UFC 45: Revolution was a mixed martial arts event held by the Ultimate Fighting Championship on November 21, 2003, at the Mohegan Sun Casino in Uncasville, Connecticut. The event was broadcast live on pay-per-view in the United States, and later released on DVD.

History
This event marked the 10th anniversary of the UFC and to celebrate the anniversary the UFC inaugurated its Hall of Fame, with Royce Gracie and Ken Shamrock as the first inductees. UFC President Dana White said; "We feel that no two individuals are more deserving than Royce and Ken to be the charter members.

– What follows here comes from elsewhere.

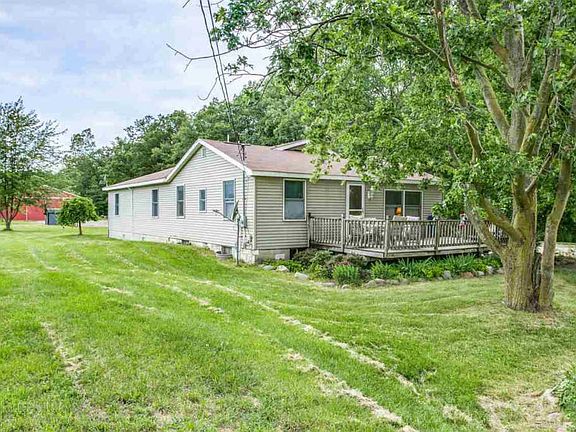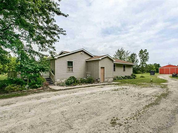 Relax, imagine yourself sitting on the front porch in this country setting and starting your day! This spacious over 2000 sq foot home is nestled into the 2 acres. This home has space galore for family and entertaining. The large kitchen is an eat in with lots of storage. The dining area is open concept located in the great room for all your entertainment needs. The great room is great and an empty slate for you to add your touches. It offers 4 bedrooms and 2 baths. Some updates to this home are fresh paint, flooring in front of the home and 2016 the home had the roof replaced. And if that inside space is not enough, come and enjoy the wildlife in your yard. The outside wood stove can heat both the home and the 40 X 60 pole barn. The pole barn has 2 20 foot sliding barn doors, electricity, loft and half of the floor is concreted. Location is close to I 69.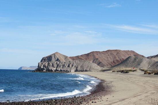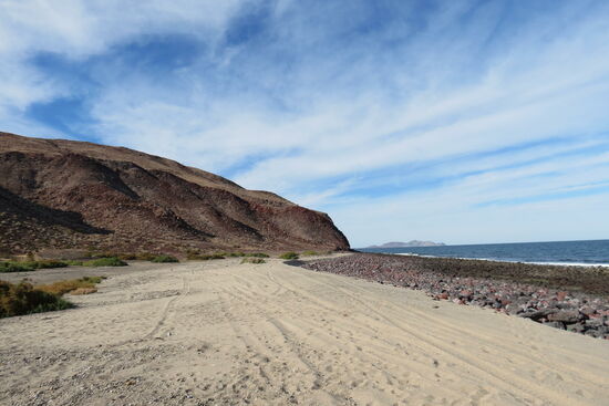 Zeitig fahren wir weg in Guerrero Negro. Wir haben beschlossen, nicht mit der Fähre in Santa Rosalia nach Guymas rüber zu setzen, sondern di e Baja bis nach Mexicali an der US-Grenze zu umrunden. Nach 230 km - nach mehreren Militärkontrollen - landen wir bei Papa Fernandez - einem kleinen Campingplatz hinter Hügeln versteckt! Die Einfahrt ist bestens bewacht durch drei angekettete Hunde. Die Einhundert Pesos bezahle ich sehr gerne, der Platz selber liegt wirklich hinter Hügeln, direkt am Strand. Leider - auch das darf ich mal sagen - die Mexikaner haben es nicht so mit dem Abfall, da würde eine "grüne Bewegung" mal echt gut tun. Wie schon an andern Orten sammle ich vrerst Unrat ein- meistens sind es Bierdosen, mal Schuhe oder die zu oft gebrauchte Plasticsäcke…, aber auch Dosen von Campern, welche achtlos ins Feuer geworfen wurde. Der Strand ist steinig aber sehr schön.

Their contributions to our sport, both inside and outside the Octagon, may never be equaled.”

In addition, ten fighters were chosen by fans to receive a Viewer's Choice Award during the event; they were Royce Gracie, Ken Shamrock, Randy Couture, Tank Abbott, Mark Coleman, Pat Miletich, Marco Ruas, Dan Severn, Don Frye and Oleg Taktarov.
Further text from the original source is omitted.